M:81 anos? E aí, o que é isso? A.D: É o fim da sétima década que estava chata por que vinha se repetindo e o início de uma nova década, plena de mistérios, novidades, novos prazeres, novas intenções e inusitados desfechos. Sem dúvida será plena de amor e aprendizado, preparatório para gozar a próxima plenitude dos meus conhecimentos e sentimentos para melhor amar as mulheres, perdoar os inimigos e invejosos. Para aumentar o número de amigos, aos quais deixarei exemplos, que não serão seguidos, porque a humanidade já definiu seu futuro, fiel a predição bíblica - atear fogo no mundo. Quando, então, eu estiver já ao lado do amigo Fellini, Kurosawa, Buñuel, John Huston, Watson Macedo, Lima Barreto, René Clair e outros mestres, estaremos assistindo o maior espetáculo que outras galáxias jamais assistiram.

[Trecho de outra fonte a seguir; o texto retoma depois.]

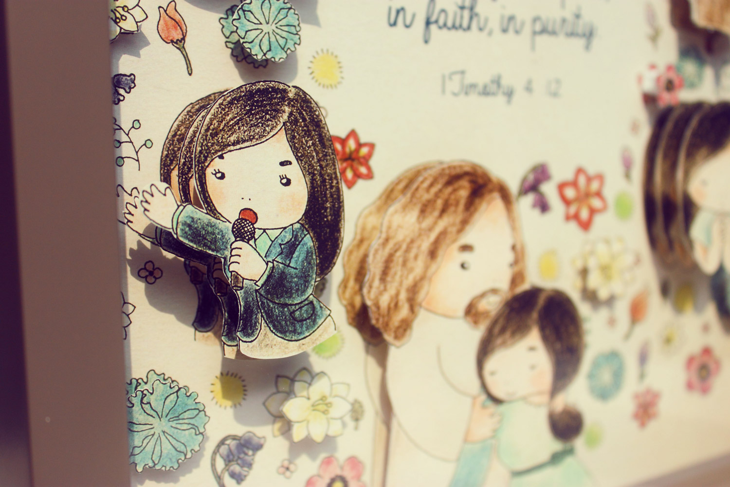 Graduation is one of the proudest moment in our life. We finally accomplish a degree, after years of learning. Ms. Claudia just got her master degree at Theology, and a dear friend of her asked us to design a memorable gift for her graduation day. At first we didn’t know what to make. But after a brainstorming session, we finally decided to make an illustration and very simple papertole with it, equipped with a card and packaging. The illustration itself tells everything about what Ms. Claudia did, do, and will do for the rest of her life.

A famosa Terra transformada na maior bola de fogo que iluminará o universo. Cada diretor tem sua câmera e começamos a captar os acontecimentos, justamente quando o sol morre de inveja da Terra, escurece, corta sua atração, acabando com aquele exibicionismo dos terráqueos e a gigantesca bola de fogo se despenca pelo espaço vertiginosamente e como fogos de artifícios vai espargindo corpos incandescestes que se transformam em cintilantes estrelas. Ao lado, à distância, Glauber vibra, com os braços erguidos, mostra e sacode o seu jornal "A Porreta Espacial" e aos gritos apregoa sua manchete: Cinema é uma eterna visão de incríveis sonhos que se materializam. M: Para encerrarmos. Uma mensagem ao público de Memórias. A.D:
Minha mensagem é para que todos voltem a prestigiar o cinema como faziam nas
décadas de 50 e que apesar de moderno e desalmado, continua sendo a
síntese de todas as artes e, bem selecionado, é o melhor entretenimento.